== Supplied information

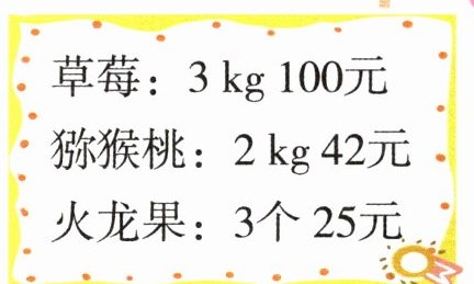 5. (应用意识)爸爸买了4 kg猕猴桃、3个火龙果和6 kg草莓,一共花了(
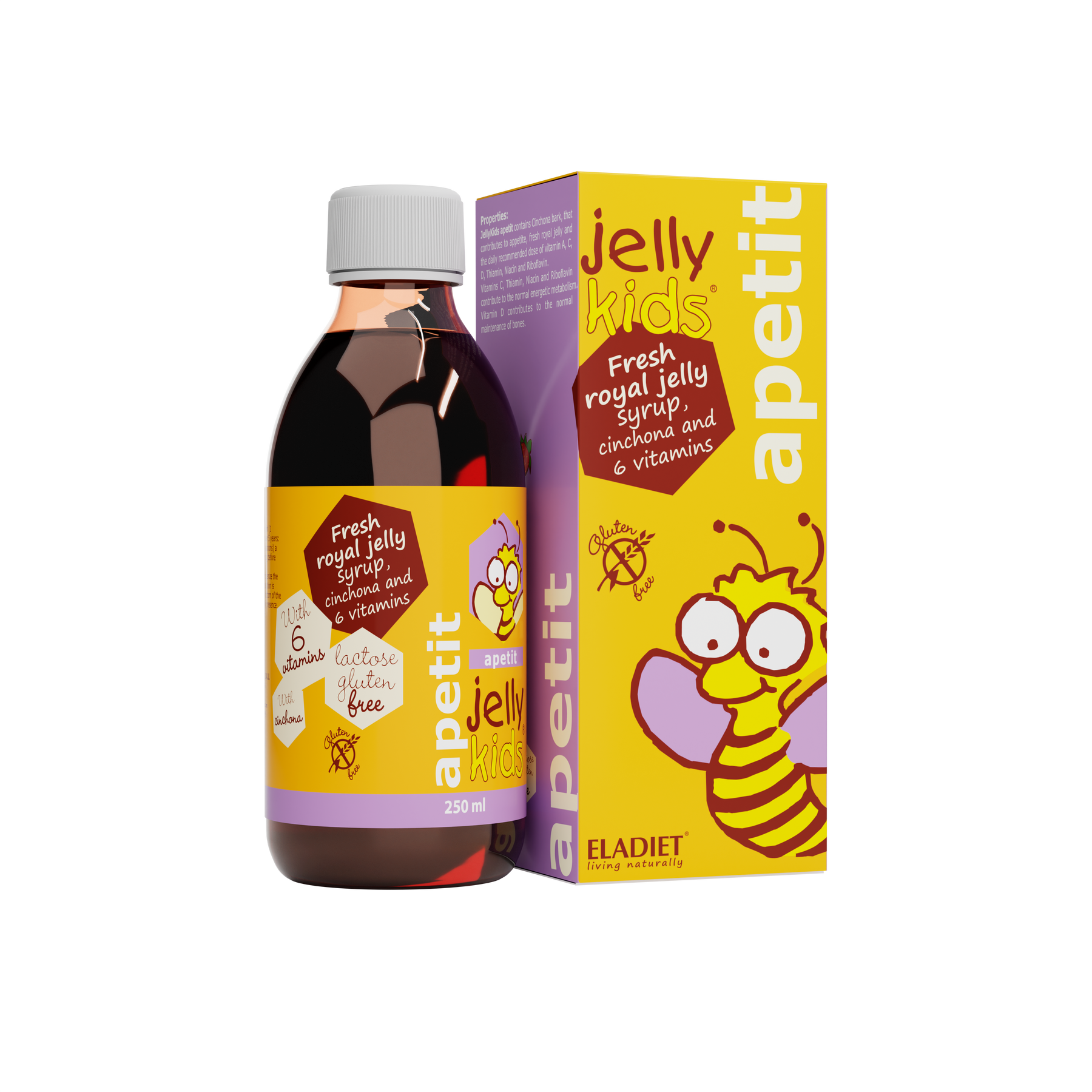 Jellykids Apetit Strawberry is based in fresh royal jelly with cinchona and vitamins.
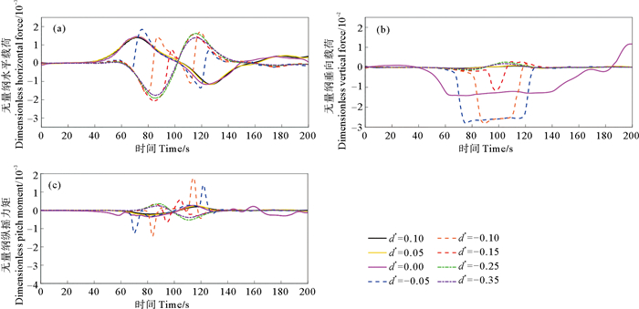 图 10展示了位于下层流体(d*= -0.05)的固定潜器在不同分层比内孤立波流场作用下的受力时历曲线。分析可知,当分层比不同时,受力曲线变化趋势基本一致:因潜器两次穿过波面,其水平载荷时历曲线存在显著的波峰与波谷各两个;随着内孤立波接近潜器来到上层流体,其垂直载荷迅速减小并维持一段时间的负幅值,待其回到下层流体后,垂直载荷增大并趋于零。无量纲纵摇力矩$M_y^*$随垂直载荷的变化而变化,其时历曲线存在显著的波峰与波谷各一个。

====

§ Instructions to follow
Leaving aside every picture, transcribe exactly the lines that run from the one with "Jellykids Apetit Strawberry" to the close of the listing above.

§ Exercise output
 Jellykids Apetit Strawberry is based in fresh royal jelly with cinchona and vitamins.
 图 10展示了位于下层流体(d*= -0.05)的固定潜器在不同分层比内孤立波流场作用下的受力时历曲线。分析可知,当分层比不同时,受力曲线变化趋势基本一致:因潜器两次穿过波面,其水平载荷时历曲线存在显著的波峰与波谷各两个;随着内孤立波接近潜器来到上层流体,其垂直载荷迅速减小并维持一段时间的负幅值,待其回到下层流体后,垂直载荷增大并趋于零。无量纲纵摇力矩$M_y^*$随垂直载荷的变化而变化,其时历曲线存在显著的波峰与波谷各一个。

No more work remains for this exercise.